I've logged in and repeatedly run the NEMO binary built by the last run of the CI. The first three or four runs all gave the right answer and then I got another one with it : 10 |ssh|_max: 0.1992739578293067D+01 |U|_max: 0.1480481366230695D+01 S_min: 0.1091403831970652D+01 S_max: 0.4040450495350832D+02
. It therefore does look as though we do not have run-to-run reproducibility when threading is enabled.

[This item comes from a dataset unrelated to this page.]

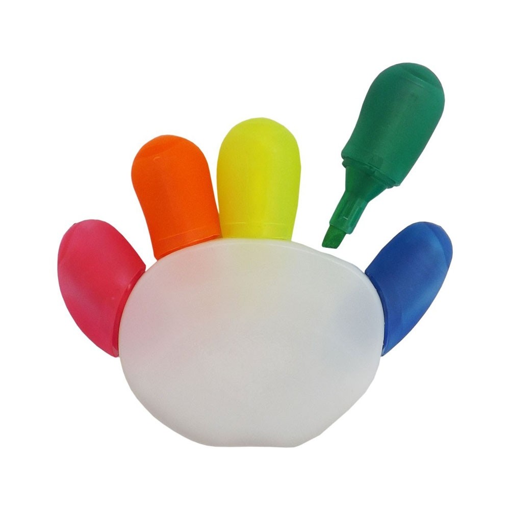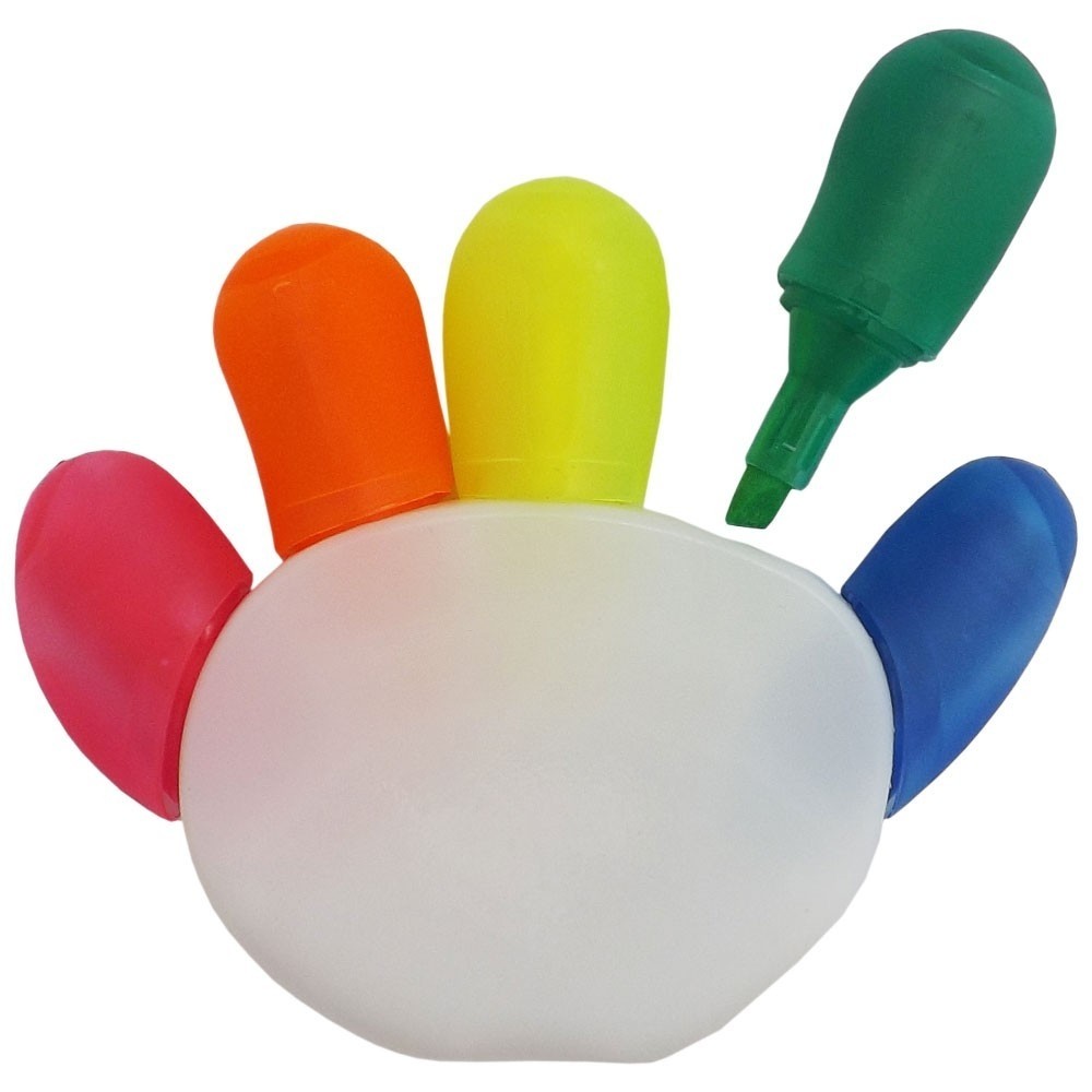 CANETA MARCA TEXTO DE 5 CORES NO FORMATO DE MÃO, MATERIAL DE PLÁSTICO. EMBALAGEM, SAQUINHO PLÁSTICO. MEDIDAS TOTAL: 8.5 X 10.5 X 2.5 CM. PESO TOTAL: 23 GRAMAS.
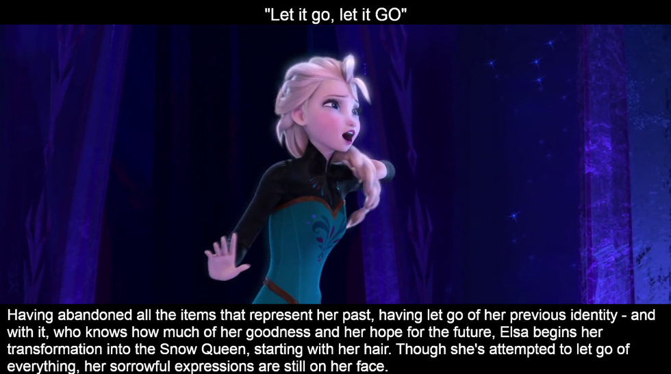 - My friend N – “ I figured it was a bit disturbing on purpose. Her parents’ prejudice and the “conceal, don’t feel” mentality made Elsa ashamed of her power, which is what caused her power to go haywire and cause a never-ending winter, and so she thought isolation was the only acceptable response based on that upbringing. It was acceptance of her powers and her decision to leave isolation (and return to Anna who loves & supports her & doesn’t require her to suppress her powers) that allows Elsa to regain control and end the never-ending winter. The act of true love that Elsa performs by saving Anna doesn’t just save Anna, it saves Elsa too. But I also like your interpretation of it as a journey of self mastery! #OverthinkingIt“

This is running without MPI, as confirmed by examining the ocean.output
. Since we don't support OpenMP reductions yet (@sergisiso can correct me), I think this must mean we are generating incorrect code somewhere such that the answer can vary from run to run:
[gh_runner@glados EXP00]$ ./nemo
0
[EXP00]$ tail run.stat
it : 1 |ssh|_max: 0.1981591870348679D+01 |U|_max: 0.1450047508366849D+01 S_min: 0.1085786592269819D+01 S_max: 0.4040453941664692D+02
it : 2 |ssh|_max: 0.1982752270897651D+01 |U|_max: 0.1452597101488951D+01 S_min: 0.1086240692446414D+01 S_max: 0.4040453356389120D+02
it : 3 |ssh|_max: 0.1983728378860238D+01 |U|_max: 0.1456033972148181D+01 S_min: 0.1086709090430587D+01 S_max: 0.4040453148092196D+02
it : 4 |ssh|_max: 0.1985032463391237D+01 |U|_max: 0.1458752676798451D+01 S_min: 0.1087192969684326D+01 S_max: 0.4040452638526664D+02
it : 5 |ssh|_max: 0.1987016011252258D+01 |U|_max: 0.1461991884818293D+01 S_min: 0.1087927288751745D+01 S_max: 0.4040452369825938D+02
it : 6 |ssh|_max: 0.1988687809217617D+01 |U|_max: 0.1464525354307282D+01 S_min: 0.1089032236567440D+01 S_max: 0.4040451908376322D+02
it : 7 |ssh|_max: 0.1990265207831180D+01 |U|_max: 0.1466978371608125D+01 S_min: 0.1090261073753903D+01 S_max: 0.4040451600903567D+02
it : 8 |ssh|_max: 0.1991024605059977D+01 |U|_max: 0.1469837868004808D+01 S_min: 0.1091143424902952D+01 S_max: 0.4040451251993338D+02
it : 9 |ssh|_max: 0.1991839479539447D+01 |U|_max: 0.1476103197378707D+01 S_min: 0.1091501632524920D+01 S_max: 0.4040450854133136D+02
it : 10 |ssh|_max: 0.1992739578293067D+01 |U|_max: 0.1480481366230695D+01 S_min: 0.1091403831970652D+01 S_max: 0.4040450495350832D+02
[gh_runner@glados EXP00]$ ./nemo
0
[EXP00]$ tail run.stat
it : 1 |ssh|_max: 0.1982273303674564D+01 |U|_max: 0.1450121491443233D+01 S_min: 0.1085442700023809D+01 S_max: 0.4040453941666587D+02
it : 2 |ssh|_max: 0.1984024621757109D+01 |U|_max: 0.1452825071445360D+01 S_min: 0.1085448017971859D+01 S_max: 0.4040453356397503D+02
it : 3 |ssh|_max: 0.1986609691379131D+01 |U|_max: 0.1456493639861315D+01 S_min: 0.1085468392706552D+01 S_max: 0.4040453148195538D+02
it : 4 |ssh|_max: 0.1989265369848474D+01 |U|_max: 0.1459493046583662D+01 S_min: 0.1085536080926007D+01 S_max: 0.4040452638693321D+02
it : 5 |ssh|_max: 0.1991058793825424D+01 |U|_max: 0.1462901396603791D+01 S_min: 0.1085593707188744D+01 S_max: 0.4040452370138181D+02
it : 6 |ssh|_max: 0.1992391646218621D+01 |U|_max: 0.1465286602430546D+01 S_min: 0.1085569560501641D+01 S_max: 0.4040451908764371D+02
it : 7 |ssh|_max: 0.1993486308863192D+01 |U|_max: 0.1468547453847026D+01 S_min: 0.1085470698091813D+01 S_max: 0.4040451601402300D+02
it : 8 |ssh|_max: 0.1994310962659264D+01 |U|_max: 0.1473147728648601D+01 S_min: 0.1085428657280329D+01 S_max: 0.4040451252509232D+02
it : 9 |ssh|_max: 0.1995525151105640D+01 |U|_max: 0.1479540291553064D+01 S_min: 0.1085345073646775D+01 S_max: 0.4040450854739036D+02
it : 10 |ssh|_max: 0.1997143892083802D+01 |U|_max: 0.1484097336815946D+01 S_min: 0.1085307757483717D+01 S_max: 0.4040450495987173D+02
Could this be due to (or exacerbated by) the new collapsing functionality/update in #2660?
HoistTrans
has also been update in #2662. In theory that should have improved things, not made them worse but you never know...
Anyway, I'll open a new Issue for this problem as it's not the fault of this PR. Back to @sergisiso.
I've removed the utility method entirely because it's only called from one location and that has meant I can remove all of the associated test code too.